The time has come….I am back to work this week after 8 weeks or so of maternity leave. Not a big deal, I was ready. However, I needed to get back into the meal prep game!
I wanted to make a few easy recipes that were also quick. Some weekends I might have more time to cook, but until I get into the swing of meal prep with a baby I’ll have to keep my meal prep ideas simple.
Check out the meal prep ideas I had this week including make a healthy, yet simple lunch and overnight oats for breakfast of course!
If you have questions about these meal prep ideas or about the groceries I bought then email me at eatliftplayrepeat@gmail.com.
Groceries:
- lean ground turkey patties, eggs and a rotisserie chicken
- bananas, broccoli, petite carrots, romaine lettuce and two kinds of frozen vegetable blends
- 1% cottage cheese and a variety of Oikos Triple Zero Greek Yogurt cups
Meal Prep Ideas:
- make chicken & rice bowls for lunch
- make overnight oats for breakfast
- roast broccoli & carrots
- cook turkey burgers
- slice lemons
- shred lettuce
- measure trail mix
- cook hardboiled eggs
For lunch this week I made some chicken & rice bowls. They were SUPER simple.
First, I deboned the rotisserie chicken. I took the Steamable Spring Veggies (2 packages) and cooked them in the microwave according to package directions.
Next, I cooked a Seeds of Change Quinoa & Brown Rice package. These are awesome because they only take 90 seconds in the microwave!
I combined the chicken, veggies & rice in a large bowl. Then I added 1 Tablespoon of Mrs. Dash Onion & Herb Salt-Free Seasoning blend and 1 tsp salt and stirred it all together.
Finally, I divided it evenly among four meal prep containers and I had lunch for the week! It came out to about 1 1/2 cups of food per container.
Up next was to prepare overnight oats. I used my Meal Prep Overnight Oats recipe, but added 1 medium mashed ripe banana into the mix. Since I needed breakfast all week I actually made 5 servings instead of 4 but the ratios of ingredients were the same.
I used a Banana Crème Oikos Triple Zero Greek yogurt cup instead of plain yogurt in the oats so that it had a little extra banana flavor. Once I divided it all among the five containers I sprinkled each one with cinnamon.
Once breakfast & lunch were taken care of I cooked a few things for some quick dinners.
I roasted broccoli & carrots together at 350° for 20 minutes. Before cooking, I drizzled them with extra-virgin olive oil and sprinkled them with salt & pepper.
While the veggies roasted I cooked the turkey burgers. I sprinkled both sides of all the patties with salt and pepper, then cooked them over medium heat.

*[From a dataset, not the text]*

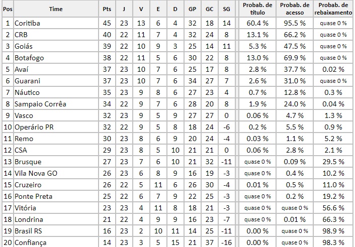 Depois do término da 23ª rodada da Série B do Campeonato Brasileiro, o site chance de gol atualizou as chances de cada time que estão brigando pelo título, acesso e também para escapar das últimas colocações na competição. No entanto, cada time teve a sua probabilidade atualizada.
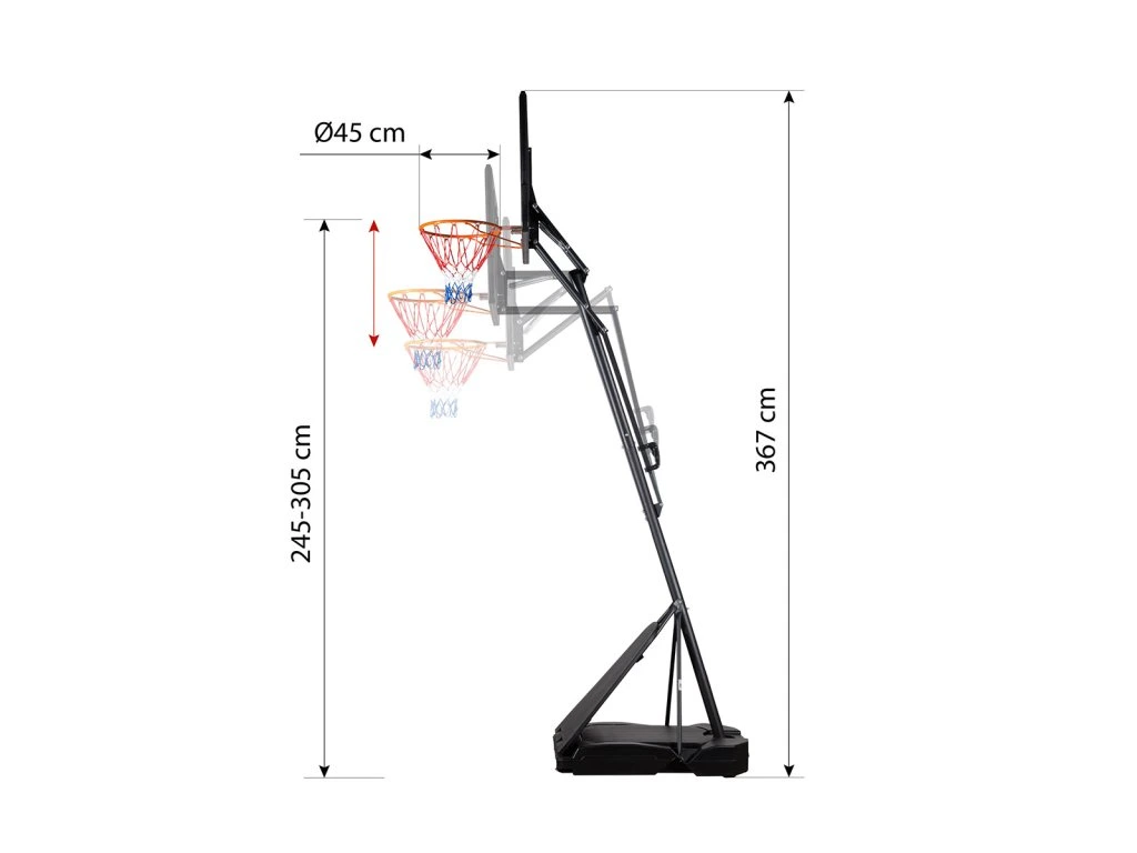 Díky možnosti nastavení výšky se koš dokonale přizpůsobí vašim potřebám. Ať už jste začátečník, nebo zkušený šampion, náš koš vám poskytne dokonalé nastavení pro maximální využití vašeho potenciálu. Změna výšky se provádí uchopením madla, stisknutím tlačítka a posuvem madla po regulační tyči, která je cejchovaná, abyste okamžitě věděli, v jaké výšce se aktuálně nachází obruč. Výšku obruče lze nastavit do 5-ti úrovní v rozsahu od 2,45 do 3,05 metru.

The last few things I did included shredding romaine lettuce for quick side salads. I also sliced a few lemons so I could add the juice to my water throughout the week. It doesn’t take very long to slice one each morning, but it is now something I don’t have to think about!
I also measured out some trail mix to take for a snack. Each container received 1/4 cup of my Healthy Fall Trail Mix.
When I’d planned out my meals and meal prep I had originally decided to make hardboiled eggs.
I flat out forgot to make them on Sunday!
Instead I cooked them early Monday morning as I was eating breakfast. I used our steam oven to cook 15 eggs to eat throughout the week, but you could boil them as well.